4. The method according to claim 1, wherein the at least one donor subject has an age of at most 40 years.

5. The method according to claim 1, wherein the at least one donor subject does not have metabolic syndrome.

6. The method according to claim 1, wherein the method involves determining, for a pool of subjects, one or more of BMI, HOMA-IR, age, and metabolic syndrome; and

subsequent selection of one or more donor subjects.
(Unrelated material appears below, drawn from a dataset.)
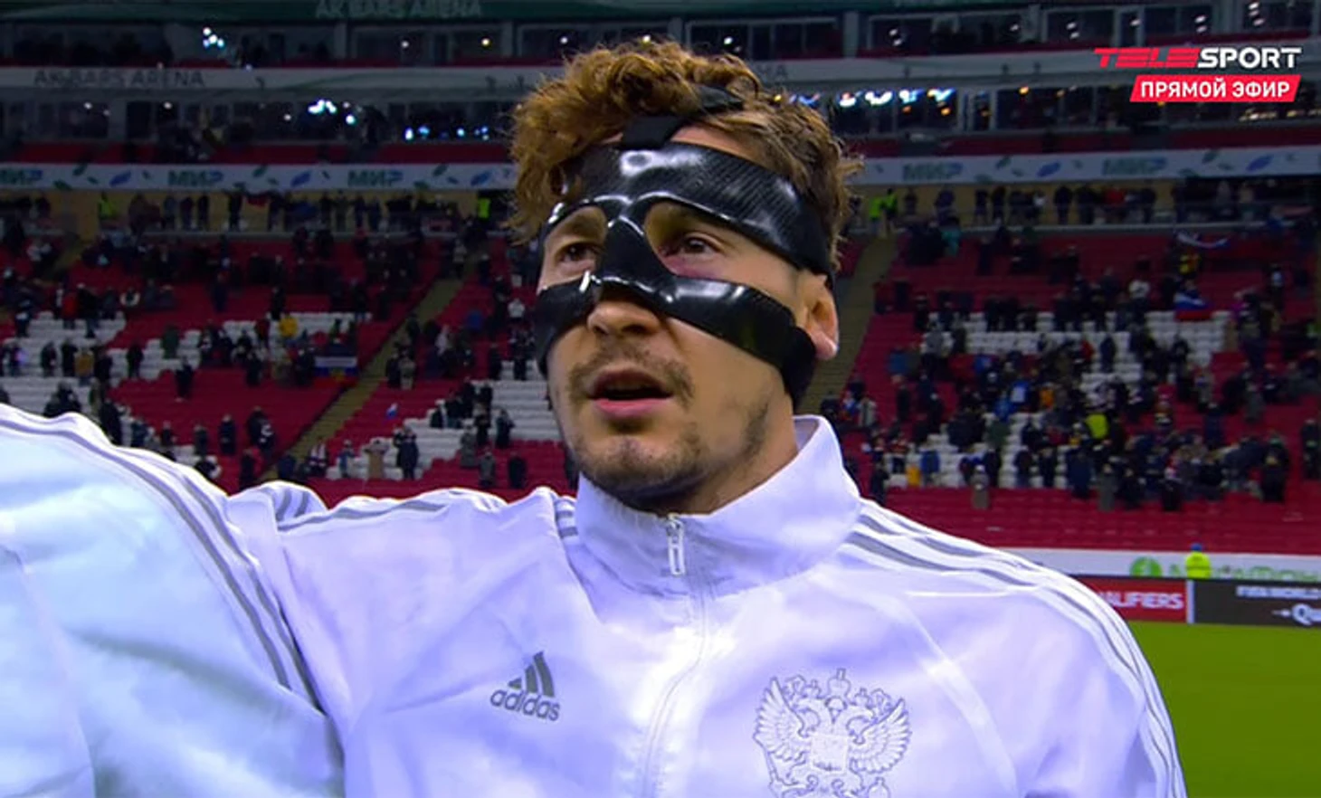 Капитан команды играет в маске, из-под которой четко виден синяк под левым глазом.

7. The method according to claim 1, wherein the cachexia is associated with cancer, congestive heart failure, chronic obstructive pulmonary disease, chronic kidney disease or AIDS.

8. The method according to claim 7, wherein the cachexia is associated with a cancer chosen from oesophageal cancer, gastric cancer, gastro-oesophageal cancer, and pancreatic cancer.

9. The method according to claim 1, wherein the method is for extending survival time.

10. The method according to claim 1, wherein the method is for improving response to therapy and/or reducing therapy side effects.

11. The method according to claim 1, wherein the method is not for increasing body weight and/or for increasing BMI.

12. The method according to claim 1, wherein the method is for improving quality of life.

13. The method according to claim 1, wherein the allogenic fecal matter is administered to the patient's small intestine.

14. The method according to claim 1, wherein the allogenic fecal matter is feces or part thereof.

15. The method according to claim 1, wherein the fecal matter is comprised in liquid medium and/or does not comprise solids having a diameter of more than 10.

16. The method according to claim 1, wherein the fecal matter is combined with a chemotherapeutic agent.

17. The method according to claim 1, wherein the allogenic fecal matter is comprised in a composition, a pharmaceutical composition, a liquid or solid dosage form, a capsule, a tablet, or a powder.

18. The method according to claim 1, wherein the subject is a mammal.

19. A method of treating a human patient for cachexia, the method comprising: administering allogenic fecal matter to a patient in need thereof,

wherein the allogenic fecal matter is obtained from at least one donor subject who does not have metabolic syndrome,

wherein the at least one donor subject has

a Body Mass Index (BMI) of at least 34 kg/m²; and

a HOMA-IR of at most 1.0 mg/dL and/or an age of at most 25 years, and

wherein the cachexia is associated with cancer, congestive heart failure, chronic obstructive pulmonary disease, chronic kidney disease, or AIDS.

20. The method according to claim 19, wherein the allogenic fecal matter is administered to the patient's duodenum.